▸ **TASK PROMPT**:
Your copy should hold only the lines from the one with "Вчера моему сыну" to the one with "OLDLEY Kids Water", both included, each exactly as it stands below, with no pictures.

▸ **MATERIAL FOR THIS TASK**:
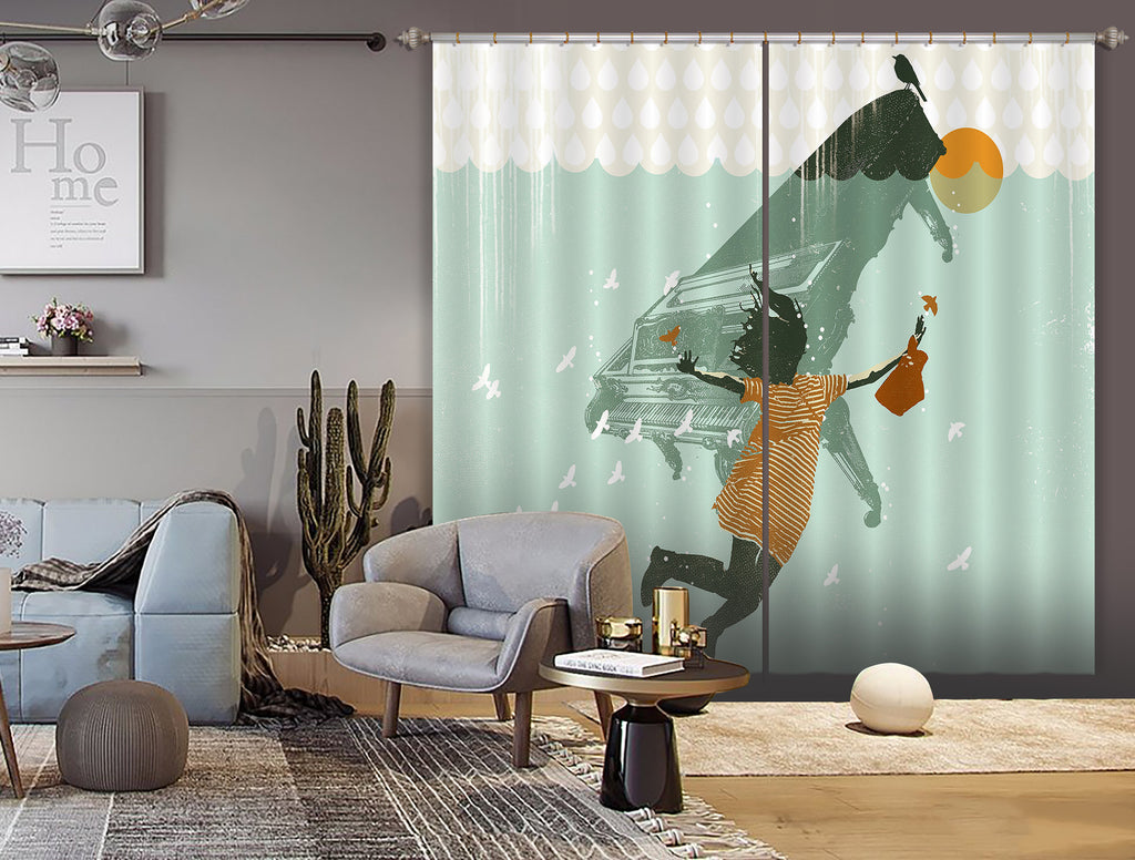 3D Swimming In Water 058 Showdeer Curtain Curtains Drapes Dai
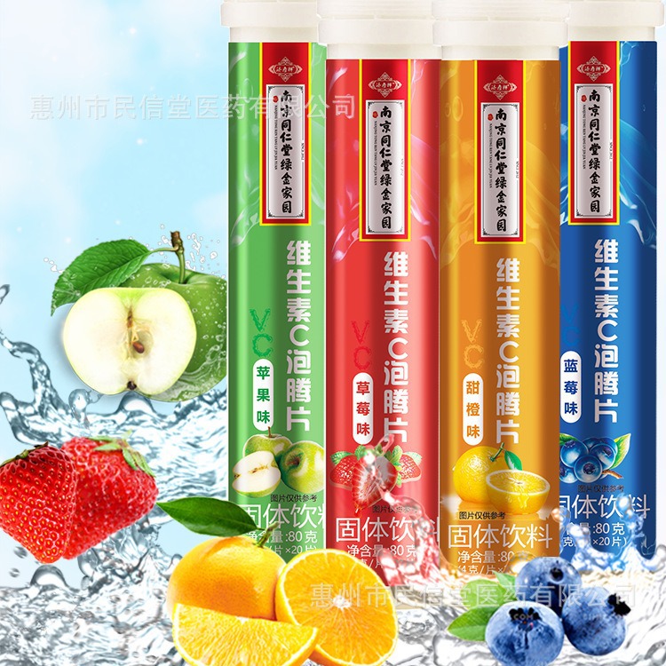 南京同仁堂緑金家済寿祥ビタミンc泡騰片固体飲料甘いオレンジブルーベリー味卸売り
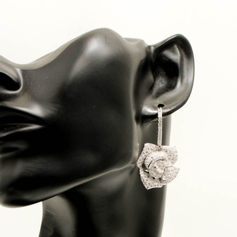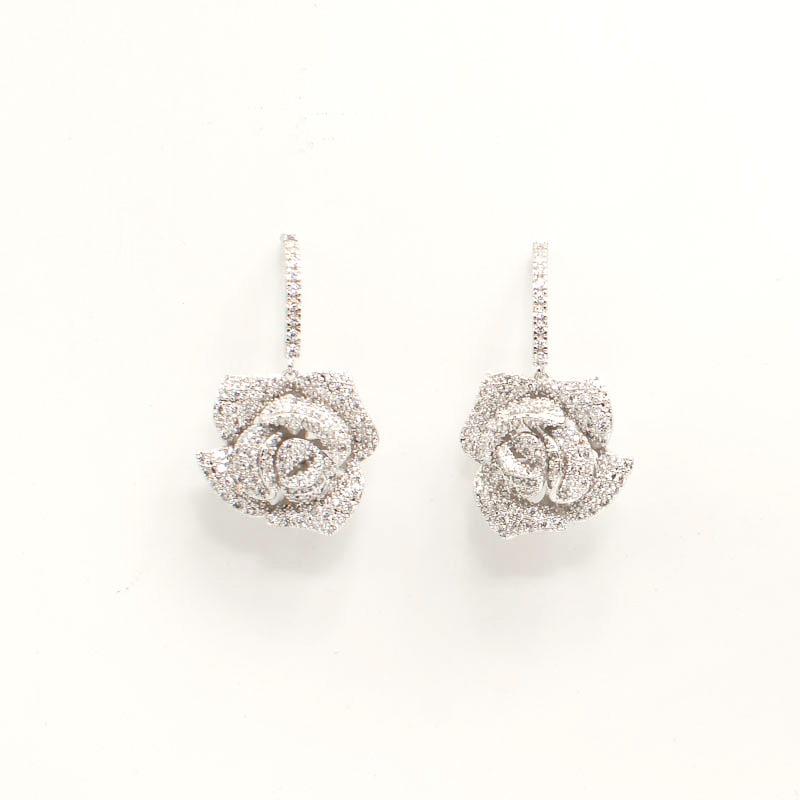 Short Drop Rose Cubic Zirconia Earrings. Silver Plated.
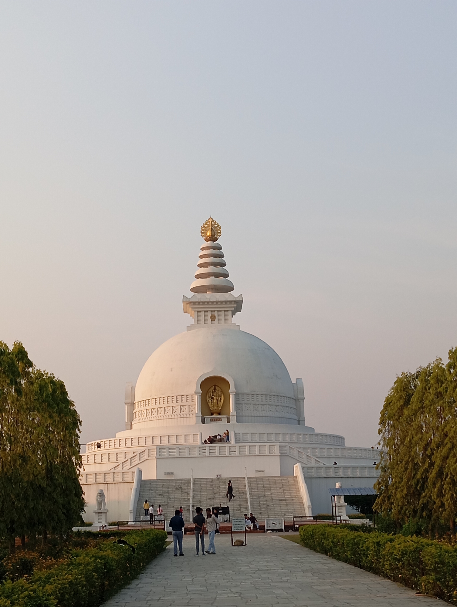 A large, white, multi-tiered Buddhist stupa is prominently depicted, located in Parsa, Nepal. The structure features a large spherical dome, topped with a multi-ringed golden finial. A golden statue of Buddha is recessed within a niche on the dome's facade. The stupa is built upon a wide, terraced base with multiple symmetrical white staircases leading to its upper levels, bordered by balustrades. Decorative geometric patterns are visible on the stupa's architecture. In the foreground, a paved stone walkway extends directly towards the stupa, flanked by manicured green hedges and tall green trees on both sides. Approximately 16 individuals are present: several are walking on the pathway, others are ascending or descending the stupa's staircases, and some are standing on its various platforms, including near the golden statue. A white stone lion sculpture is situated at the base of the stupa on the left. A small structure with a blue roof is partially visible to the right of the pathway. The sky is clear and light, indicating ambient daylight conditions.
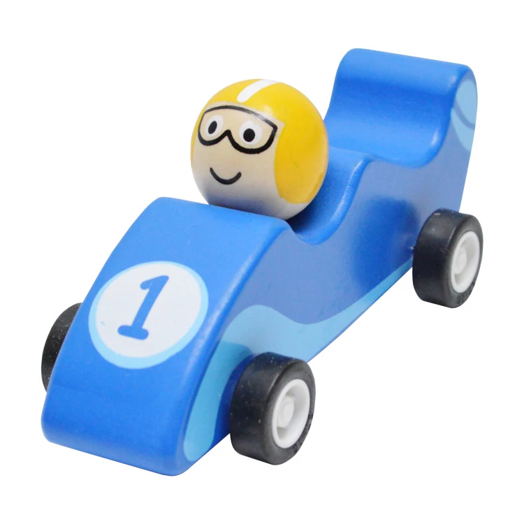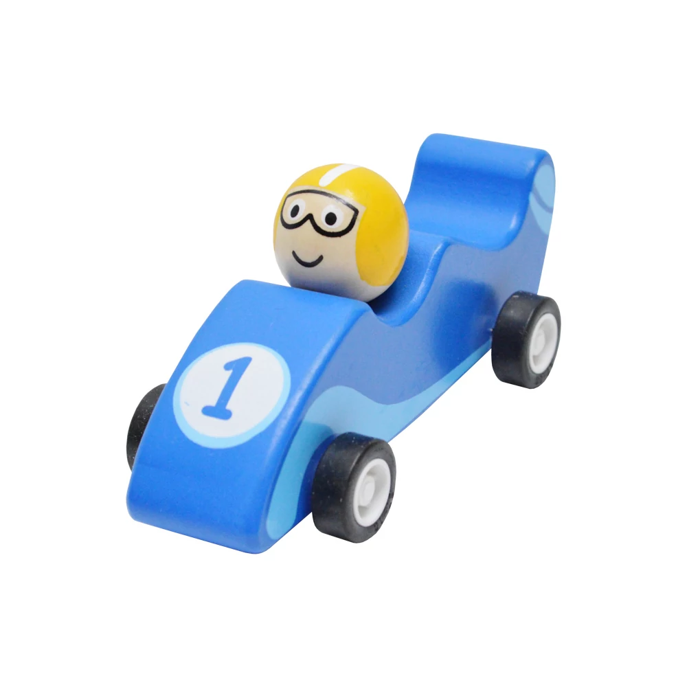 A kis kék versenyautót kattanásig hátrahúzzuk a talajon, majd elengedve sebesen tovagurul.
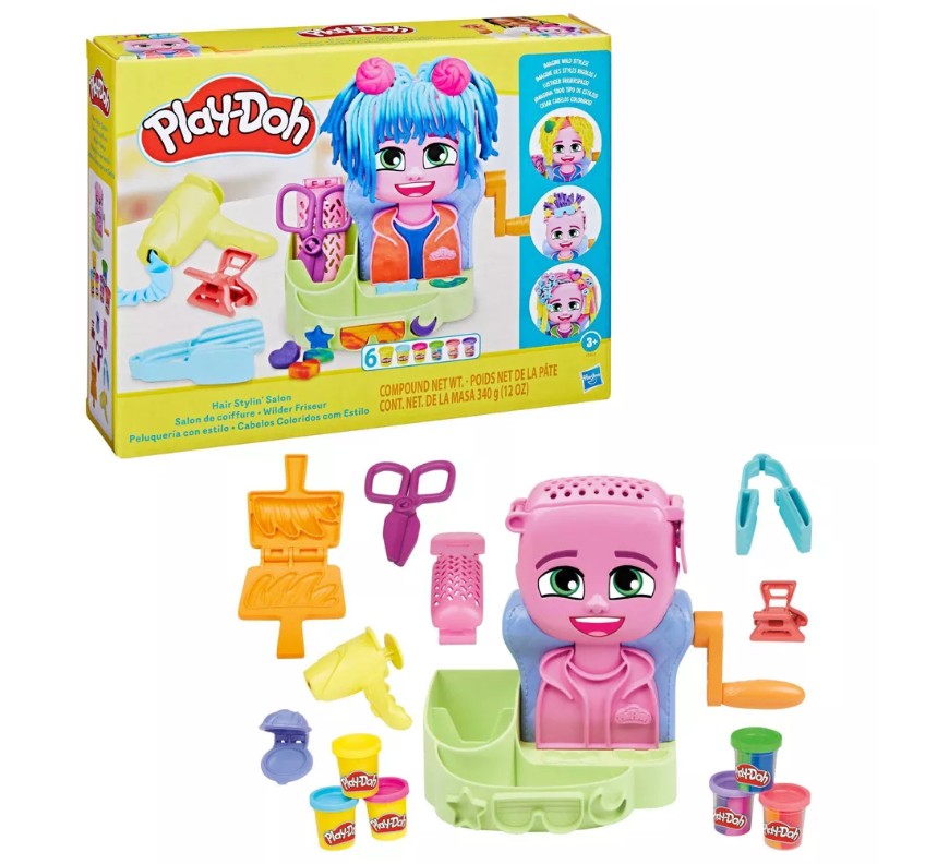 Avec le coffret Salon de Coiffure Play-Doh, les enfants peuvent exprimer leur style unique ! Il suffit de mettre de la pâte à modeler Play-Doh et de laisser libre cours à leur imagination pour faire pousser et coiffer des cheveux rigolos ! Ce kit Play-Doh comprend de nombreux accessoires amusants, comme un sèche-cheveux pour créer des boucles, un moule à crête, un fer à friser et 2 plaques différentes pour réaliser diverses textures de cheveux. Grâce aux 340 g de pâte à modeler Play-Doh, répartis dans 3 pots bicolores, les enfants peuvent créer des coupes longues ou courtes ! Ce coffret de jeu d'intérieur est idéal pour stimuler l'imagination. Les coffrets Play-Doh pour filles et garçons sont d'excellents cadeaux pour les enfants à partir de 3 ans.Âge: 3 +
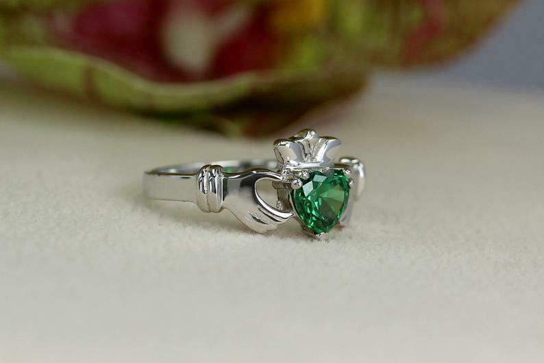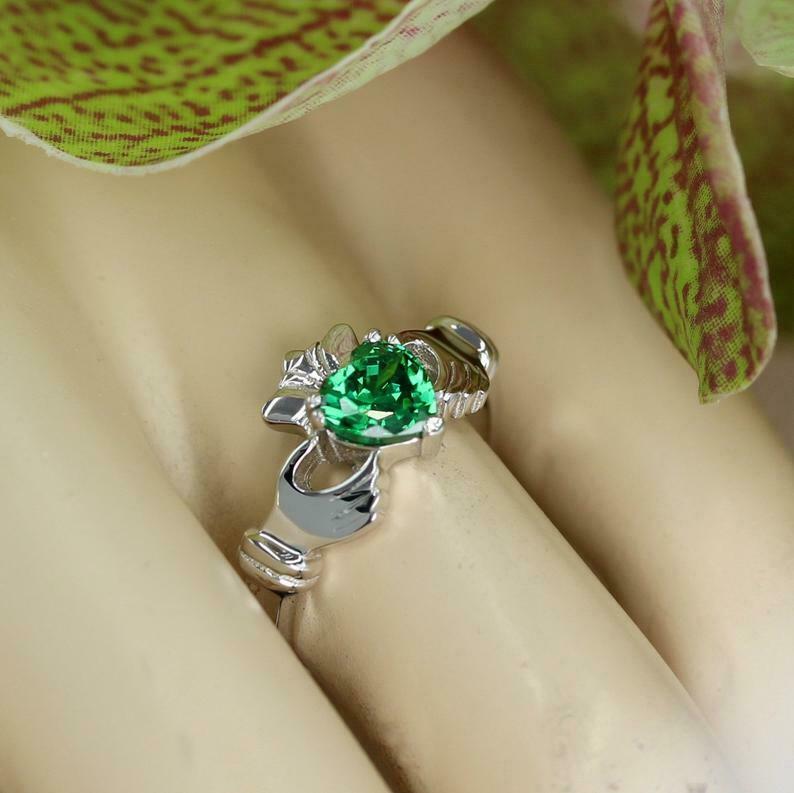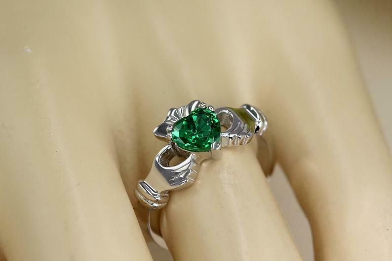 1ct Heart Cut Green Emerald Engagement Ring Claddagh Design 14k White Gold Over
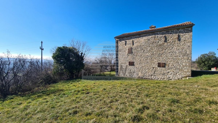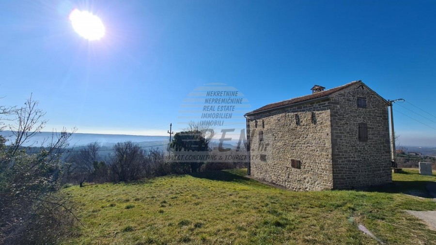 Na prekrasnom brežuljku u okolici Grožnjana s otvorenim pogledom na prekrasan krajolik i more, prodaje se kamena samostojeća kuća restaurirana na tradicionalan način. Ima 2 etaže (plus galerija) ukupne površine od 60 m2, na parceli površine 400 m2.
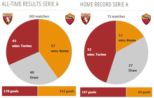 Rekor kandang Torino vs Roma (Serie A)
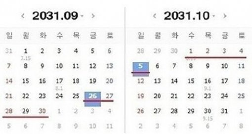 공개된 사진은 2031년 추석 연휴가 담긴 달력의 모습이다. 해당 달력을 보면 2031년 추석은 9월 30일부터 시작해 10월 2일에 끝이 난다. 이어 10월 3일 개천절이며, 4·5일 주말까지 합치면 총 6일간 쉴 수 있다. 9월 29일만 휴가를 내면 최장 9일간 황금연휴를 만끽할 수 있는 것.
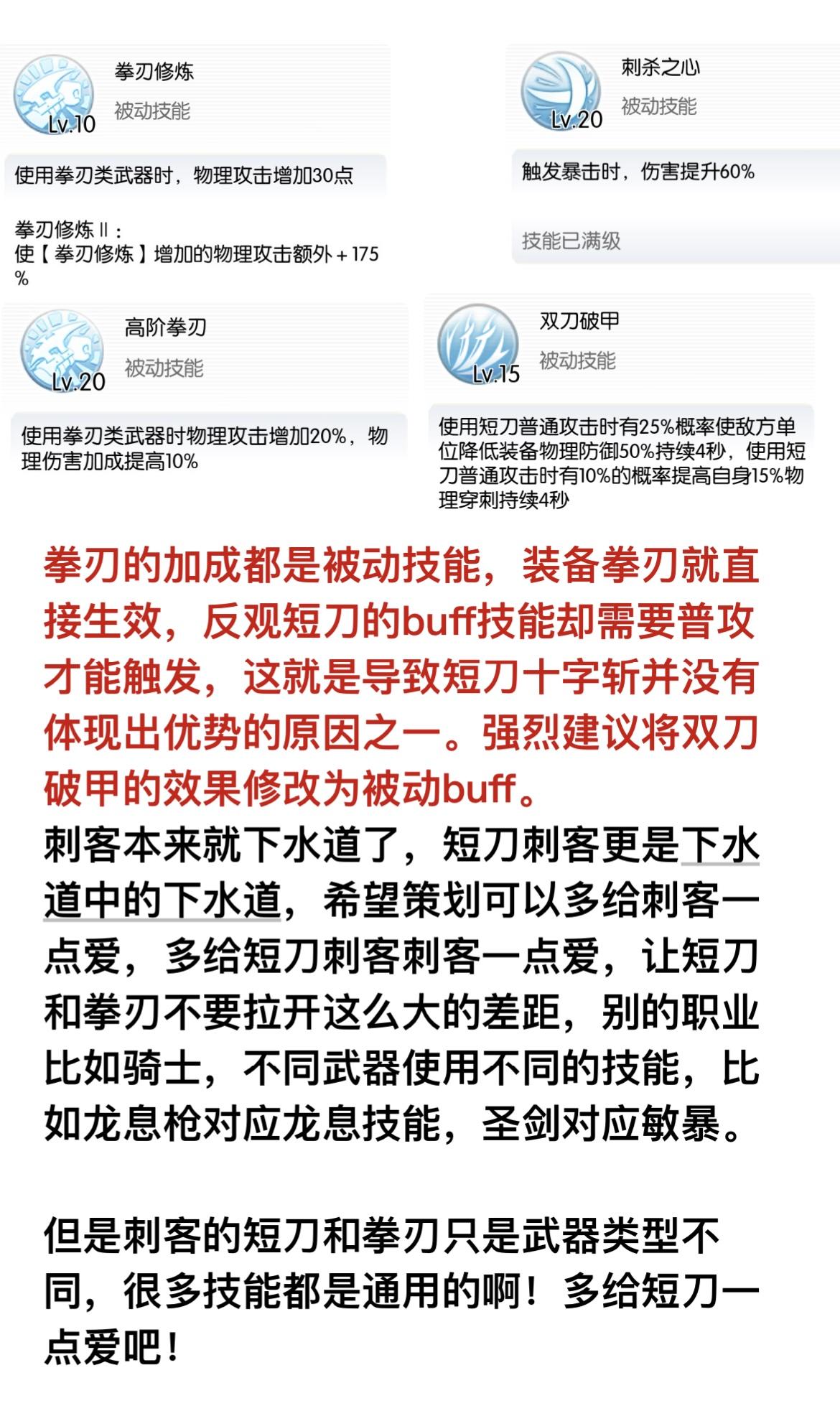 用数据说话、请愿策划多关注一下短刀刺客
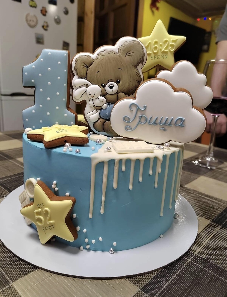 Вчера моему сыну Грише исполнилось 4 года, и каждый год я заказываю ему разные торты. Например, вот такой торт с мишкой я ему заказала на год. А торт с персонажами "Маша и Медведь" – на 2 года. Он мне понравился визуально меньше первого, потому что был более синим. Я не люблю такие насыщенные оттенки. Конечно, если мы берём сладости для первых двух лет, то Гриша абсолютно ничего не запомнил, но вот торт, который у него был на 3 года, с Бубой и мышью, он не просто зафиксировал в памяти, а ещё и регулярно вспоминал. Дети, которые растут в психологически здоровой атмосфере, прекрасно помнят своё детство и знают, какие торты у них были на дни рождения. Сейчас у него один из любимых мультиков "Три кота", но также Гриша любит тематику роботов, поэтому он попросил торт именно с ним. Так как у кондитера большая загрузка, торт я заказывала заранее, примерно за 2 недели. Дизайн выбирала наиболее современный из тех, которые предложены на различных ресурсах. Мне надоели торты с пряниками и изома
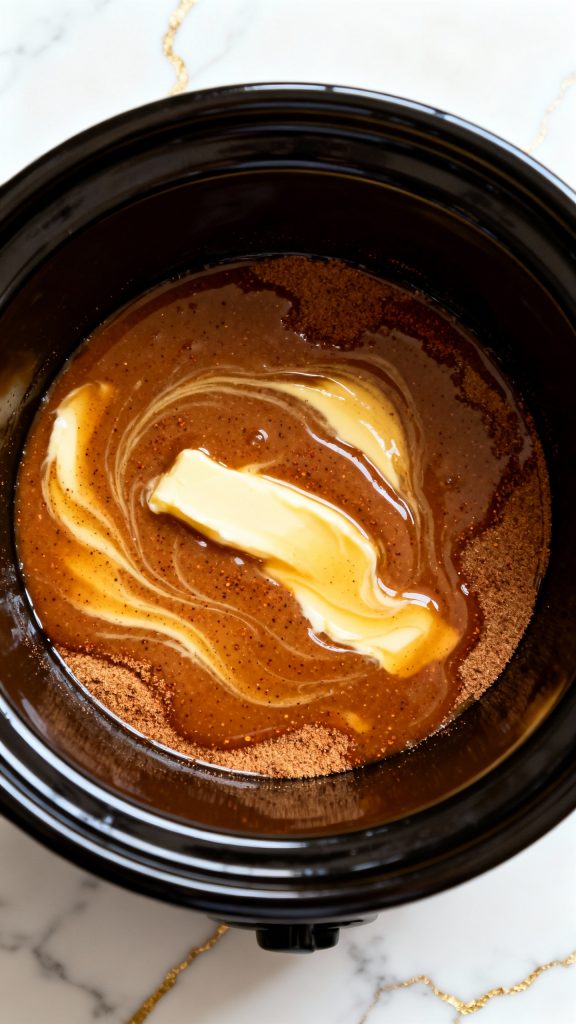 Butter melts slowly in the crockpot, which helps it blend smoothly with the sugar instead of separating. Brown sugar dissolves into the warm water, creating a rich base. The low heat lets the spices bloom without turning bitter, and adding the rum at the end keeps the flavor strong without cooking it off.
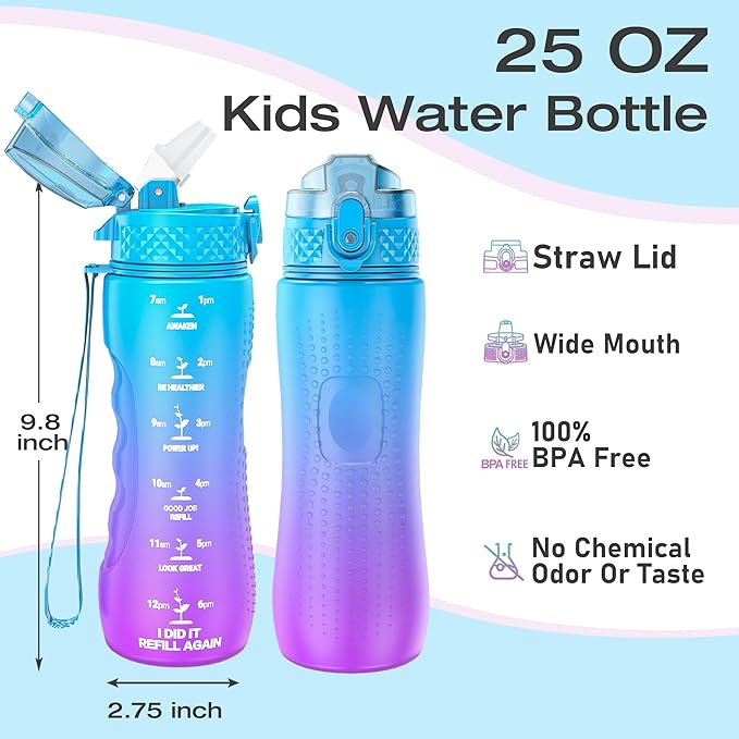 OLDLEY Kids Water Bottle for School, 25 oz (Straw Lid) BPA-Free Reusable Leak-proof Durable Tritan Plastic Water Bottles with One-handed Opening Straw Lids, Anti-dust Spout Cover (Lake)
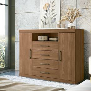 Cômoda Com 2 Portas E 4 Gavetas Havana Master Santos Andirá Jatoba A Comoda Master e de um espaco incrivel para o seu quarto, seja ele de casal, solteiro ou juvenil! Sem falar em seu design: muito pratico. Possui duas portas, uma porta com cabideiro em aluminio, para pendurar: calcas, camisas, camisetas...e a outra porta com prateleira para guardar sapatos, caixas, decoracao e demais objetos! Suas 4 amplas gavetas deslizam sobre corredicas metalicas com suavidade para guardar suas roupas com muita organizacao. E ainda possui espaco para colocar aparelhos eletronicos e claro, para sua comodidade um aparelho de TV sobre o tampo. Sao muitas funcoes em um so movel. Todo quarto precisa ter essa comoda! Caracteristicas Estrutura: MDP 12mm e 15mm Acabamento: Pintura Quantidade e Tipo de Portas: 2 Tipo de Dobradicas/Trilhos: Dobradicas Metalicas Simples Quantidade de Gavetas: 4 Tipo de Corredicas: Metalicas Tipo de Puxadores: Plastico ABS Quantidade e Tipo de Cabideiros: 1 em Aluminio Quantidade de Prateleiras: 1 Suporte ate: 30kg no tampo, 10kg no nicho e 3kg por gaveta. Manutencao: Nao limpar com alcool ou qualquer outro produto quimico, utilize somente pano seco ou levemente umedecido. Sistema de Montagem: Cavilhas, Parafusos e Minifix Itens Inclusos: 1 Comoda, Kit ferragens e Manual de montagem Garantia de Fabrica: 3 meses

▸ **WRITTEN ANSWER**:
 Вчера моему сыну Грише исполнилось 4 года, и каждый год я заказываю ему разные торты. Например, вот такой торт с мишкой я ему заказала на год. А торт с персонажами "Маша и Медведь" – на 2 года. Он мне понравился визуально меньше первого, потому что был более синим. Я не люблю такие насыщенные оттенки. Конечно, если мы берём сладости для первых двух лет, то Гриша абсолютно ничего не запомнил, но вот торт, который у него был на 3 года, с Бубой и мышью, он не просто зафиксировал в памяти, а ещё и регулярно вспоминал. Дети, которые растут в психологически здоровой атмосфере, прекрасно помнят своё детство и знают, какие торты у них были на дни рождения. Сейчас у него один из любимых мультиков "Три кота", но также Гриша любит тематику роботов, поэтому он попросил торт именно с ним. Так как у кондитера большая загрузка, торт я заказывала заранее, примерно за 2 недели. Дизайн выбирала наиболее современный из тех, которые предложены на различных ресурсах. Мне надоели торты с пряниками и изома
 Butter melts slowly in the crockpot, which helps it blend smoothly with the sugar instead of separating. Brown sugar dissolves into the warm water, creating a rich base. The low heat lets the spices bloom without turning bitter, and adding the rum at the end keeps the flavor strong without cooking it off.
 OLDLEY Kids Water Bottle for School, 25 oz (Straw Lid) BPA-Free Reusable Leak-proof Durable Tritan Plastic Water Bottles with One-handed Opening Straw Lids, Anti-dust Spout Cover (Lake)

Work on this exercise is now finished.